しかし、イタリア紙『La Gazzetta dello Sport(ガゼッタ・デロ・スポルト)』のジャーナリスト、アンドレア・クレモネシは、「FIA(国際自動車連盟/F1の統括団体)によれば、すべては合法である」と述べ、次のように説明した。
「問題になっているパーツは構造物ではないため、クルマの他のパーツのように厳正なる審査の対象にはならないとする回答がパリから届いた」
「FIAは、ノーズコーンが他のクルマの側面に接触した際、危険な状態を避けるため、柔らかい素材のノーズを求めていると言明している」
また、ドイツ誌『Auto Motor und Sport(アウト・モートア・ウント・シュポルト)』のジャーナリスト、トビアス・グルーナーも似たような分析をしている。
「映像を技術の専門家たちに見せたところ、みんなの意見は一致した。単なる思い過しだ、と」
ノーズの先端は、FIAのクラッシュテストを満たすために他のパーツよりも「常に柔らかく」できているとクルーナーは述べた。

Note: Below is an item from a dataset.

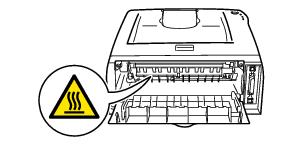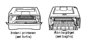 Hvis du lige har brugt printeren, er visse dele inden i printeren meget varme. Når du åbner kabinetlåget foran eller bag på printeren, må du aldrig røre ved de dele, som er vist med gråt på tegningen.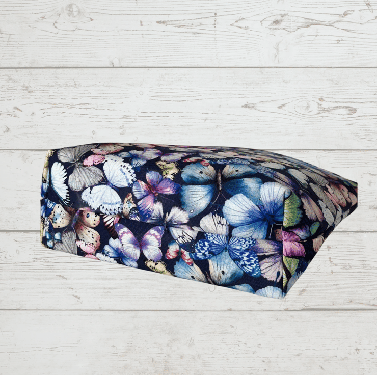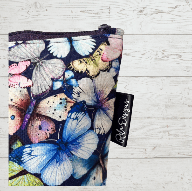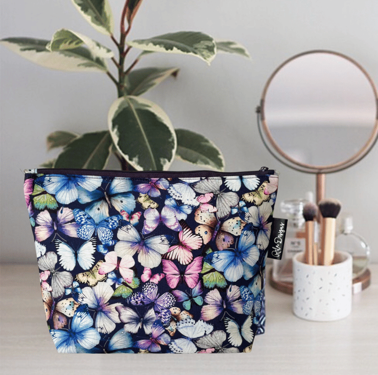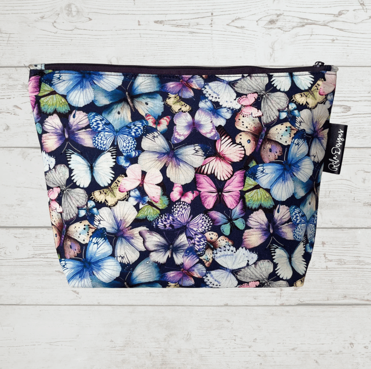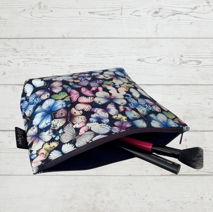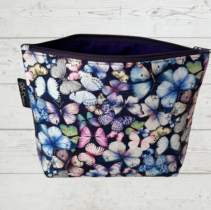 This gorgeous butterfly print cotton zipped pouch has a purple waterproof nylon lining , great for those inevitable spills.

また、F1アブダビGP(4日実施)で最初のピットストップを行ったベッテル(セバスチャン・ベッテル/レッドブル)のノーズは、フロントウイングにダメージを負っていたために、よりもろく見えたのではないか、とグルーナーは考える。
イタリアの『Autosprint(オートスプリント)』は記事の中で、「ほかのチームのエンジニアに意見を求めたところ、ノーズの先端をある程度変形させることが認められていると分かった」と付け加えた。
「とは言うものの、レッドブルが程度を超えた解釈をしている可能性は非常に高い。なぜならば、変形可能な構造がフロントウイングを支えることで、ウイングをできるだけ地面すれすれに近づけるからだ」と指摘。
「専門家の中にはそう信じ込んでいる者もいる」と加えた。